Aksi durumda yani 1 litre süte karşılık alınan yem miktarı düştükçe üretici kaybederken, üretim zora giriyor. Süt Üreticileri Merkez Birliği Başkanı Tevfik Keskin, “Ancak üreticinin bu zammını fırsat bilip fiyat yükseltenler var. Her sektörde iyiyi kötüyü ayırmak lazım. Sanayici gibi kâr hesaplasak, tamamen zararda olduğumuzu görürüz” diye konuştu.
‘Eski fiyattan aldık’
Raftaki sorunlardan biri de fiyatlar aralarındaki uçurum. Bir markanın 4.45 liradan 1 litre süt sattığı yerde, başka marka 7 lira 45 kuruştan satıyor. Burada ‘marka’ algısının öne çıktığı belirtilirken, fiyatın ise daha makul olabileceği ifade ediliyor. Tevfik Keskin, “A firması tam yağlı sütü 4.95 liradan; B firması ise 8 liradan satıyor. Biz de ‘neden’ diye sorduk. Uygun fiyata satan firma, ‘eski fiyattan almıştık, o yüzden uygun’ dedi. Yeni fiyata geçince 1 lira zam yapacakmış. Buna rağmen B firmasının fiyat farkı yüzde 50. Demek ki işin içinde ne kadar kâr etmek istedikleri var” dedi.
Online’da fiyat artıyor
Basılı ve online fiyat verilerini araştırıp takip eden BrandZone verilerine göre; tereyağ fiyatı bu yıl ocak ayında yüzde 24 zamlandı. Margarinde yüzde 19’luk fiyat artışı oluştu.

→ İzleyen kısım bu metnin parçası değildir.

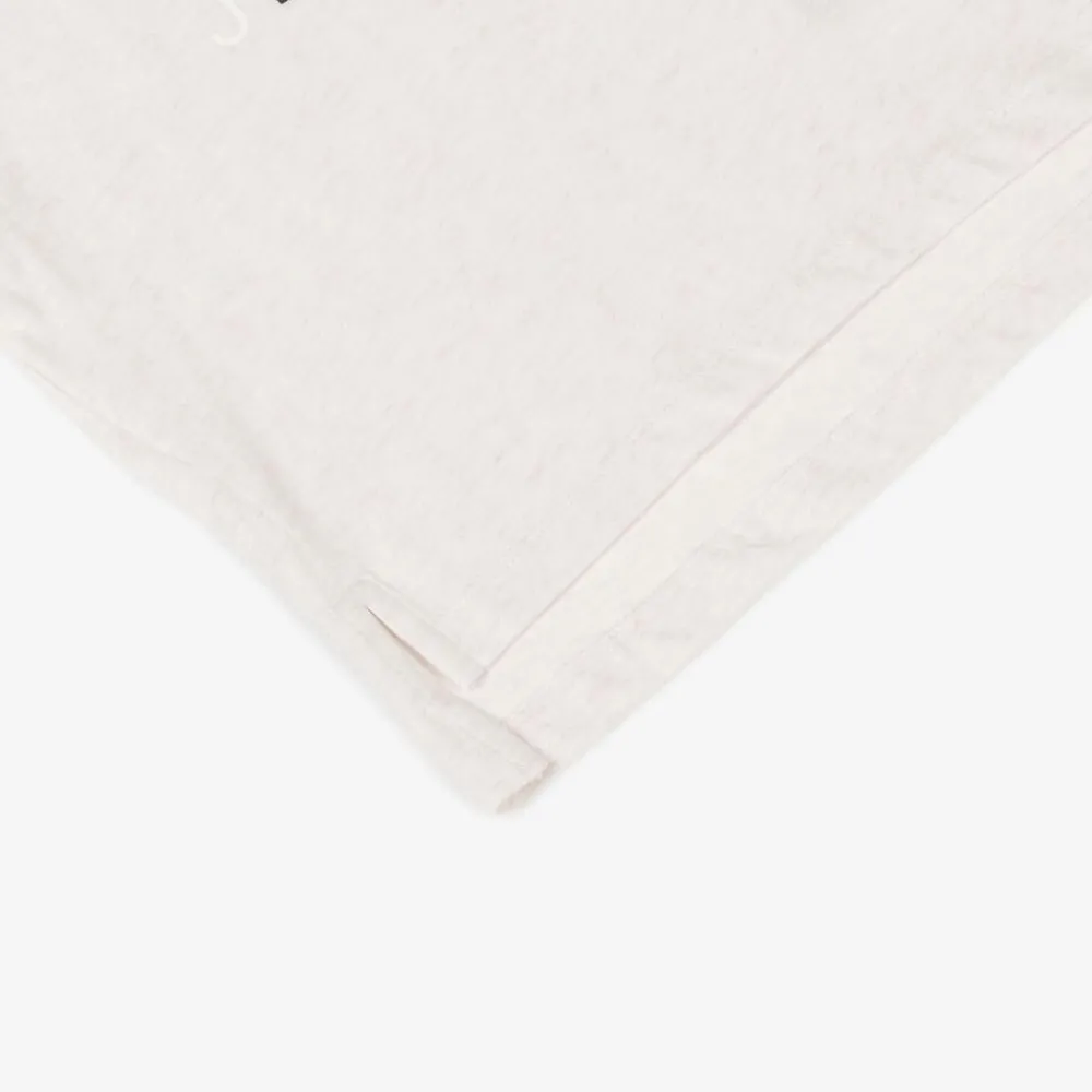 Beige marl cotton T-shirt for girls by Calvin Klein, with a colourful logo print on the chest. Made in soft and stretchy jersey this short-sleeved top has a relaxed fit and a stepped hem.

Litrelik ayçiçek yağında yüzde 47, zeytinyağında ise yüzde 27’lik zam oranı görüldü. E-ticaret platformlarındaki yağ kategorisindeki ürünlerin zam oranı ise yüzde 74’ü buldu.
Bir hesap yapalım...
Tevfik Keskin ile ufak bir de hesap yaptık. Ortalama oran ve maliyetlerle bu hesabı yapsak da yine de çok şey ifade ediyor. Buna göre iyi bir Ezine peyniri için 10-12 litre çiğ süt kullanılıyor. Yani 31-37 liraya bir kilo iyi ezine peyniri imal ediliyor. Tüm maliyetler eklendiğinde makul fiyat 50/55 lira görülürken, rafta 90 liraya kadar fiyatlarla satılıyor. Süt birliklerinin Trakya bölgesindeki marketlerde böyle bir peynir 45 liraya satılıyor. Markette satılan ortalama bir kilo beyaz peynir içinse 5-7 litre yani 15.5-21.5 liralık çiğ süt yeterli. Ancak raf fiyatları 45 liranın altını görmüyor.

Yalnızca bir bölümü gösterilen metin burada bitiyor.